一方兄のほうはサラリーマンで安定収入がある。
見かねた母親が兄に弟のために住宅ローンを組んでやれ、と頼みこみ兄は弟のためにローンを組んだ。兄には既に自宅用の住宅ローンがあったので第二のローンは事業用となった。(金利が高い)
弟は兄に対して毎月のローン返済額相当を家賃として支払う、という約束をした。(口約束で書類はない)
最初のうちは弟は家賃を支払っていたが、そのうち仕事が少なくなってきてそれを払えなくなってきた。
2つのローンを抱えてぼやく兄に対して母親は「弟のめんどうみてやれや」、弟は「兄貴はおれよりも豊かなのだからいいじゃないか。そのうち家は明け渡すから」と甘える世界。
こんな状態で年月が経ち、兄に定年が近づいてきて2つものローンに耐えられなくなってきた兄は弟に家賃の支払いを催促するけどラチがあかない。母親にもボケが始まりどうしようもない。
家屋や土地を無償で貸すことを法律では「使用貸借」といい、当初約束していた状態が守られなかったり、目的としていたことが終了したりした場合にはただちに退去する必要があります。
例にあげたような兄と弟のケースでは家主たる兄が要求した場合には弟は即刻立ち退く必要があるのですが、問題は他人ではない親族同士の場合法律どおりにはことを運べないのがやっかいです。兄が約束違反だと主張しても何ら書類がないため強制執行をするわけにはいきません。

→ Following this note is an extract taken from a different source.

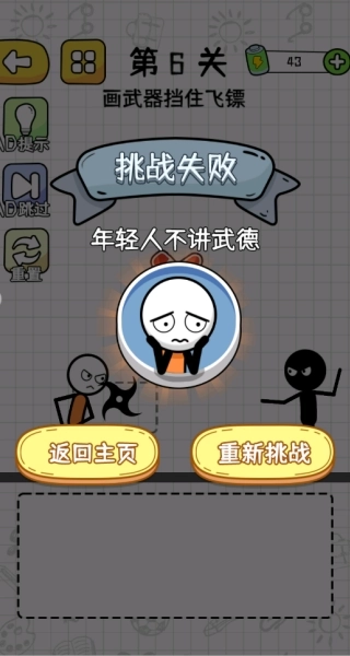 4、当火柴人角色挑战失败时,会呈现出各式各样夸张又诙谐的反应动画,往往能让人忍不住笑出声来,发自内心地感到愉悦。

とはいうものの法的には弟の立場は弱く、結局弟は半年の猶予期間を経て立ち退くこと、兄は弟に対して解決金として金銭の支払いを行う(引っ越し費用に充当)ことということを裁判所で約束することとなり一件落着となりました。

とはいうものの住む場所がなくなる弟に対して母を交えた親族間の話し合いでどうなるのか兄には不安が残ったようです。